此时他的大脑知道,军刀不同于大象和猫,因为军刀是用来玩的,不会自己移动。即使凯洛不知道移动是什么意思,他的大脑也能想出这么多。这个简单的现象叫做聚类。
机器学习只不过是这个过程的数学版本。 很多研究统计学的人意识到,他们可以用大脑工作的方式来计算一些方程。 大脑可以聚类相似的物体,大脑可以从错误中学习,大脑可以学习识别事物。
所有这些都可以用统计数据来表示,基于计算机模拟的这一过程被称为机器学习。为什么我们需要基于计算机的模拟?因为计算机比人脑更快地完成繁重的数学运算。 我很想进入机器学习的数学/统计部分,但在没有明确一些概念之前,你不会想直接进入。
Let’s get back to Kylo Ren. Let’s say Kylo picks up the saber and starts playing with it. He accidentally hits a stormtrooper and the stormtrooper gets injured. He doesn’t understand what’s going on and continues playing. Next he hits a cat and the cat gets injured. This time Kylo is sure he has done something bad, and tries to be somewhat careful. But given his bad saber skills, he hits the elephant and is absolutely sure that he is in trouble. He becomes extremely careful thereafter, and only hits his dad on purpose as we saw in Force Awakens!!
从错误中学习的整个过程可以用方程式来模拟,在方程式中,做错事的感觉用错误或代价来表示。这种识别不该用军刀做什么的过程叫做分类。 聚类和分类是机器学习的绝对基础。让我们看看它们之间的区别。

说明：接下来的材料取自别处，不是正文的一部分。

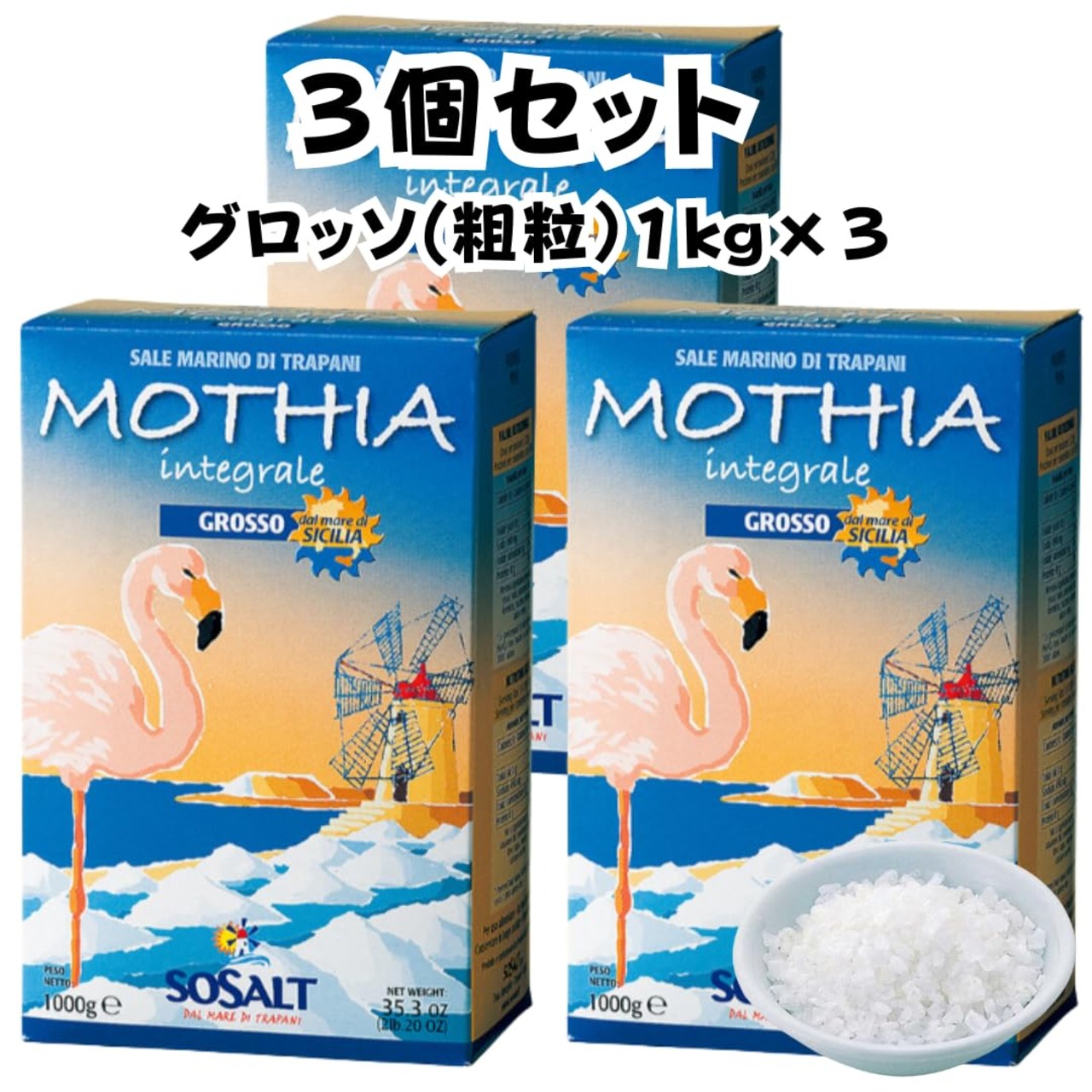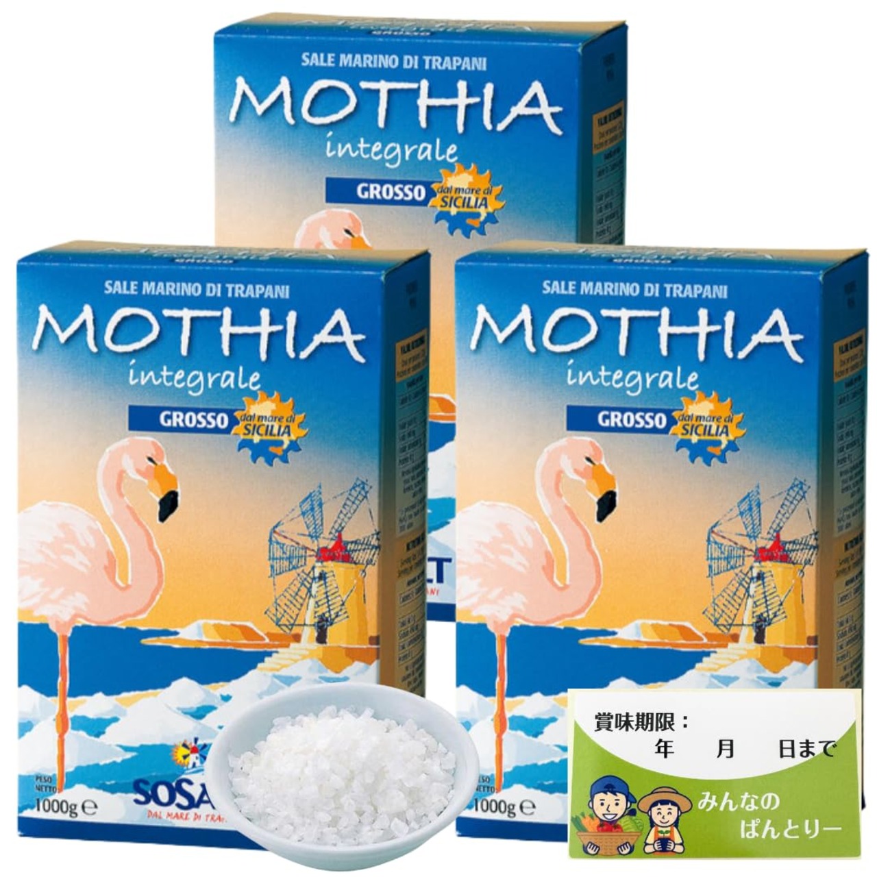 ソサルト 塩 モチア モティア インテグラーレ グロッソ 粗粒 【3個セット】 合計3kg サーレ シチリア島 天然 海塩 /みんなのパントリー特製シール

Kylo differentiated between animals and light saber because his brain decided that light sabers cant move by themselves and are therefore, different. The decision was based solely upon the objects present (data) and no external help or advice was provided. In contrast to this, Kylo differentiated the importance of being careful with light saber by first observing what hitting an object can do. The decision wasn’t completely based on the saber, but on what it could do to different objects . In short, there was some help here.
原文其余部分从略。